« On ne peut pas voir le pharmacien d’officine rester en arrière car il doit jouer un rôle de facilitateur ! », affirme Éric Salat, directeur des programmes pédagogiques Think Meded et membre du Collectif interassociatif TRT-5. C’est une des idées-forces à retenir de la table ronde qui a été organisée par l’Association française des pharmaciens catholiques au dernier salon Pharmagora sur le thème : « Prescriptions et délivrances à distance, sécurité et confidentialité en jeu ». Avec lui, deux autres intervenants. Christophe Courage, avocat et membre de l’Association française du droit de la santé, a rappelé la législation qui s’est mise en place depuis 2012 pour encadrer le commerce électronique du médicament. Mais ce sont les enjeux éthiques qu’il s’est efforcé de développer. Ainsi la question de la sécurité du patient avec le risque d’usurpation d’identité. Ou celle de l’absence d’interaction pharmacien-patient avec le recours aux réponses automatisées reléguant aux oubliettes le devoir de conseil du pharmacien. Delphine Chadoutaud, pharmacienne, vice-présidente du syndicat de l’Essonne et animatrice du blog pharmaciensencolere.fr, conteste la transformation de site officinal en site exclusivement marchand, et ajoute : « La chaîne du médicament a été parfaitement sécurisée en France, mais la décision de vente de médicaments par Internet a été accueillie pour la plupart d’entre nous comme un véritable pavé dans la mare ! » Elle évoque elle aussi le risque de passer à côté d’une pathologie importante tant qu’on n’a pas le patient en face de soi. « Car rien ne peut remplacer le relationnel direct pour appréhender le maximum d’éléments qui conduisent au soin le plus adapté. »

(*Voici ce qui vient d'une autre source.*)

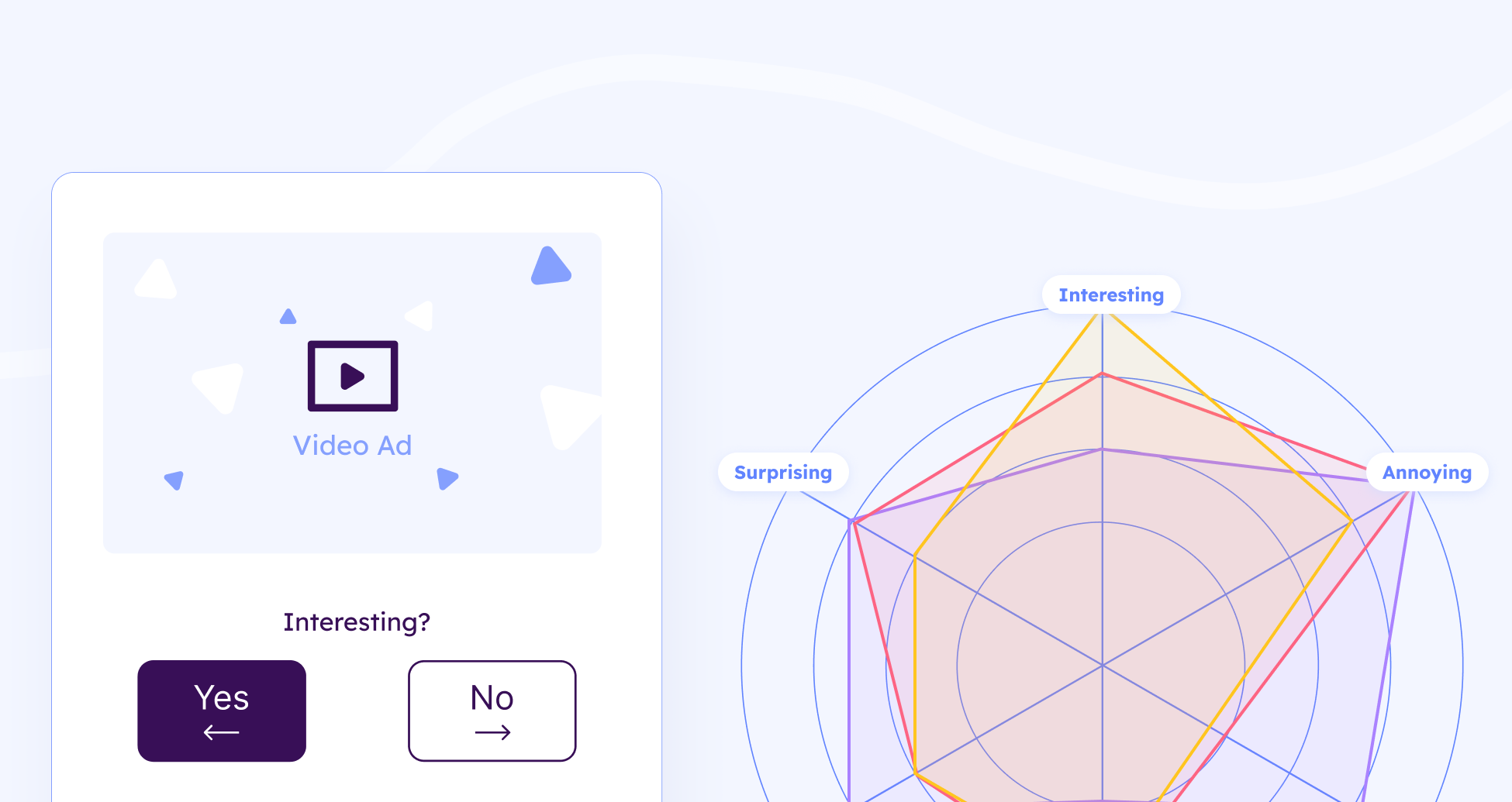 A mix of surveys and fast response tests help you assess your ad's impact on your customers. This combination provides a comprehensive view of how your advertisements affect viewers on a conscious and subconscious level.
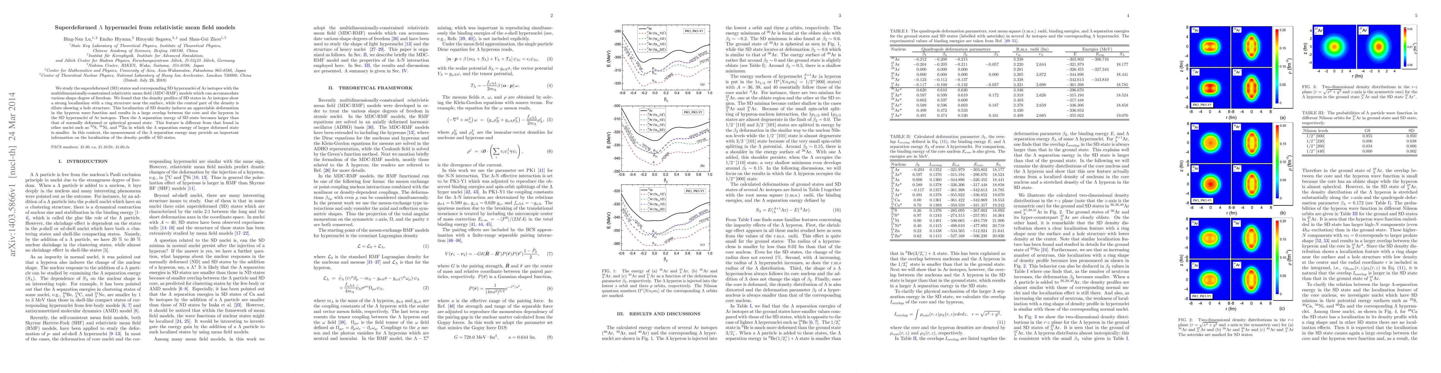 We study the superdeformed (SD) states and corresponding SD hypernuclei of Ar isotopes with the multidimensionally-constrained relativistic mean field (MDC-RMF) models which can accommodate various shape degree of freedom. %The hyperon-nucleon $\sigma$-$\Lambda$ and $\omega$-$\Lambda $ interactions are introduced %in the same covariant framework. We found that the density profiles of SD states in Ar isotopes show a strong localization with a ring structure near the surface, while the central part of the density is dilute showing a hole structure. This localization of SD density induces an appreciable deformation in the hyperon wave function and results in a large overlap between the core and the hyperon in the SD hypernuclei of Ar isotopes. Then the $\Lambda$ separation energy of SD state becomes larger than that of normally deformed or spherical ground state. This feature is different from that found in other nuclei such as $^{32}$S, $^{56}$Ni, and $^{60}$Zn in which the $\Lambda$ separation energy of larger deformed state is smaller. In this context, the measurement of the $\Lambda$ separation energy may provide an important information on the localization of the density profile of SD states.

Si certains font le choix de s’engouffrer dans ce nouveau commerce promouvant une hyperconsommation de médicaments et de produits de toutes natures, on peut aussi se demander comment profiter de ces technologies pour développer de nouveaux services. C’est ici qu’Éric Salat se réfère à son expérience personnelle : gravement malade, il a réussi à faire collaborer le pharmacien de l’hôpital dans lequel il était hospitalisé et son pharmacien de ville. Puis, sur sa demande, l’ensemble des prescriptions des médecins spécialistes transitait par l’intermédiaire des pharmaciens hospitaliers vers son pharmacien de ville, lequel assurait le lien avec le médecin traitant. C’est ainsi que « ce pharmacien a développé un rôle de facilitateur. Car, d’une part, dans chaque parcours de soin, vous êtes le passage obligé puisque vous détenez le médicament. Ce médicament qui est à la fois sésame et danger, vous en êtes l’expert pour en assurer la meilleure utilisation et éviter toute erreur. D’autre part, en vous rapprochant des patients aux pathologies lourdes (par exemple en assurant la livraison des médicaments), vous facilitez leur accès aux soins et les aidez à retrouver davantage d’autonomie ».
« C’est un rôle à reconquérir car il y a risque sur l’organisation des soins au cas où des sociétés privées interviendraient. » L’outil électronique doit être utilisé de telle manière qu’il vienne renforcer sécurisation et confidentialité des données : « La m-santé doit passer par des plates-formes localisées, avec des filtres humains, et les pharmaciens pourraient être les premiers de ces filtres. » Bel avenir pour ceux qui feront le choix de se positionner comme acteur de proximité dans cette nouvelle forme de chaîne du soin.